Electrostatically charged samples or containers can be difficult to weigh. Problems with balance stability or measurement drift can often be caused by static charges. This application note explains measures that can be taken to prevent electrostatic charges building up, but more importantly what can be done to dissipate these charges once they have been generated. Understanding electrostatic charges and the effects they can have on samples and containers are critical to avoid disruption to weighing processes.

What is Static

Static is the accumulation of electrical charges on the surface of a non-conductive material. The phenomenon of static electricity requires the separation of positive and negative charges. When two different materials are in contact with one another, electrons can move from one material to the other, which leaves a positive charge on one material, and an equal negative charge on the other.

What Causes Electrostatic Charges

Friction is the most common way for electrostatic charges to be generated on an object. Everyone remembers the experiment in physics class, where a glass rod is rubbed with a cloth and will then attract small pieces of paper or lift the hair away from your head. Typical laboratory examples include:
Drying a glass beaker with a cloth
• Handling a volumetric flask with disposable gloves
• Unpacking a laboratory vessel from a plastic bag
• Filling a vessel with loose materials (bulk)
Charge separations are caused by rubbing, for example, when tare containers are grasped or lifted. This is fostered by materials that have a strong electrical insulation effect, such as PTFE or plastic materials (like polypropylene, polycarbonate or polystyrene), but also glass. In addition, unfavourable external conditions, such as a dry atmosphere, poorly grounded floors, or the use of plastic gloves, can contribute to the formation of charge separation and, thus, to electrostatic charging.
However, charges can also arise without the involvement of friction. Merely separating two different materials, such as lifting a glass flask off of a plastic surface is sufficient to generate a strong static charge.

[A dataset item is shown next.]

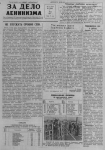 Пролетарии всех стран‘ соединяйтесь! ЗА ДЕЛО ЛЕНИНИЗМА Орган Северного РК Коммунистической партии Советского Союза и раГонного Совета депутатов трудящихся Новоибирской области Л1Ш ТНТШ И № 38 ( 1949) ЧЕТВЕРГ 9 1 М 95 А 7 Я г. Цена 10 коп. НЕ УПУСКАТЬ СРОКОВ СЕВА Полевые работы начались! 6 мая в четырёх приторных бригадах ТаргшсснШРШТС начат ь весенняя пахота. Ш Ш ш Ш к к - У а сельхозартели им. Кагановича трантористы из бригады • А. Буглеева Григорий Сипно, Иван Доценно и Леонид ВаШМаев ча тракторах „Д Т - 5 4 ” вспахали первые 12 гентаров. С 7 числа в этой бригаде началась двухсменная пахота. По 5 гентаров на/ндый вспахали за день Иван Нирюшенно и Антон Лосев на „ Д 7 -5 4 “ из бригады Федора Гудимо в нолхозе »Борьба за мир“. Здесь вся техника бригады включена в работу. Развертывают все шире фронт полевых работ механизаторы тракторных бригад, руноводимых М. Д . Похлёбиным и И. В. Аль- шаввым на полях сельхозартелей им. Молотова и им . Ирупеной. ла В сь есн за а тя в ж э н т о о й м . г В о о д т у о у к ж а е за 9 мая, а в нашем районе ещё мне у р п а о з л в е е в р ыну е тыраб п о о т - ына . с Н то о ящэт е о не должно настраивать нас н н на и о е ст б ь л . с а л Н г е о а д д о у у б е шо т р и с о е о т с , р и в е с д ё о б т в е о н с ч и п и м е т ч а ь на том, чтобы следить за созреванием почвы, не д б о ыо т р к в о а а з ч т ын ь ыв с а м т о ь п б с у я р т а ё б о м т от , п к а о н х й е от з з ы я а б п и в а ы з и с и ти н т и ь в ср к о о к е о м в сл с у ев ч а а . е н Н е ел у ь п з у я допустить ни одного часа п во р р о и м т е : дл „ е в н ес и е я н , н п и о й сл д о е в н и ь ца г г о о д кормит“ . Особая организованность, подтянутость в этом году тем более нужна, потому т р ч у т я о р ет , к п а п л жо а с д н е ы и в й ру к е о к т р о м л п х о о о в с з ыад х к р у а к с у к шл а и р ьб р т о о о в т ф у е к л а н я ж а д д н о ы а й т , д а е к с б ж я о е т л к ь а шп х р у о ю г в е е к ст р т и а а, ч ви то л б ь ыно с п во ос е е в я р т е ь мен к н у о ку и р п у р зу а. Зерновые, кормовые — все к се у я л Н н ь е ыт к у о р в т ы о с р р д ы о о к е л . жны тр б ак ы т т о ь рн п ы о е бригады Тартасской МТС начали выборочную пахоту. Пашут целину и залежь. 12 гектаров вспахано бригадой И. А . Буглеева в колхозе им. Кагановича, там сейчас все тракторы переведены на д ш в е ухс 1 м 0 ен г н е у к ю тар р о а в бот в у с . па Б х о а л н ь о бригадой Фёдора Гудимо в колхозе „Борьба за мир“ . л с И р к я а д о м х ё й т и С и м е п в . а д е х Мр р о у н о т г о л а и й о х в т . о М с Мв е Т а л е , С х ь и а х т мн о о и з . ж К а з е р р а у т т н п е о е следует отставать и ждать созревания всех массивов. Партийные организации ц ч м и а а с й ши в и н ес к н т о о и л -т х р о б а з о к о л т в о ь р шд н о у ыл ю ж х н р ы а с б т с о а е т н й у п ст о и р ч а е з с в к е о р г т о ы с в о а р н е и в ю нов с а о н ц и и я ал з и а в ч в н е е ыи т с е п с т о т в з л в о а е н д н е р а н н а н ы и б и е о е й т , и . з Б п а о е л в р ы ь е ш в с ыо и к п е о о е и лн о к е т а обязательства а в в р а зя я т л ел и и б к и р о м и л . г х а о К д з р а н у и п к с и Т к а о р й с т е а л и с ь с п х к е о о р з й М с х л о Т у д жС им , ив о а , к т о ч ь т т о о р б к а ы о я лх э б о т у з о . д т ет Нпо е ч о о и б б н с б т ы р л анё п н од в х о ва в ч с е е н х к и олх р о а з с а п х ро и н б б о и р т к и а , г х а з , д ан а д я х о т . л ы ж й К е а н н ж а д в пы з о й я л т е ь в т ы н р х а уж р се е ан с б м т я ые в н х а н к о р и о г а н о б д к о о р в т б е . ы и т п в н о а ы л т е н ь е ся н о и б я с я в з п о ат о е е в с л е р в ь е В первые дни вы

The Effects on Weighing and Weighing Accuracy

Electrostatic charges can cause sample handling difficulties, errors in weighing results, and longer weighing times. The effect on the accuracy and reproducibility of the measured value can be very significant.
The presence of static is often recognisable by:
• Drifting measurement readings
• Non-repeatability of measurement results
• Balance instability (or stabilisation time longer than usual)
Drift and non-repeatability of results, and balance instability is usually due to the dissipation of electrostatic charges. These observations are due to the vertical component of the Coulomb force continually changing, which makes it difficult to obtain a precise measurement difficult.
Electrostatic charges also disrupt the weighing process if the sample or opening of the tare container is charged.
When this happens, powder can ‘jump’ from the spatula onto the tare container, causing precision working to become an ordeal (as illustrated in Figure 1). Dry powders are very susceptible to static influences and can be troublesome to weigh. Weighing a small quantity into a large glass or polymer vessel represents the classic use case where an electrostatic charge could significantly increase the error of the weighing result.
Figure 1. ‘Jumping’ powder during the weighing-in step caused by electrostatic charges.
The cause of these issues is a net charging of the weighing sample that, without additional measures, is not reduced or is reduced only slowly. If weighing vessels are charged, polar opposite charges on the metal surfaces of the weighing chamber are attracted to them (see Figure 2). This attraction between the charged vessel to the weighing pan and the charges on the weighing chamber produce an additional force that the balance measures as supposed extra weight. Typically, under such influences, balances take a long time to stabilise, and the measurement is inaccurate due to the additional disruptive force.
 
Figure 2. A negative charge on the measuring flask and a positive charge on the balance housing cause a force to be exerted between the balance and the vessel. The vertical component of this force adds to the weight of the flask and influences the weighing result.
The effects on the weighing accuracy could be:
•    The reported value could be more or less than the real weight
•    Errors in the range of 1−100 mg have been observed
Because the charges generated can be negative or positive, and either attract or repel each other, the real weight may be more or less than the reported value. Errors of a few milligrams to 100 mg have been observed, which is highly significant in terms of percentage error when weighing small samples.
Yet there are cases where the problem is difficult or indeed impossible to notice. For example, it is possible to achieve a stable weight with a net electrostatic force present, without any of the typical indicators that static is affecting the weighing result.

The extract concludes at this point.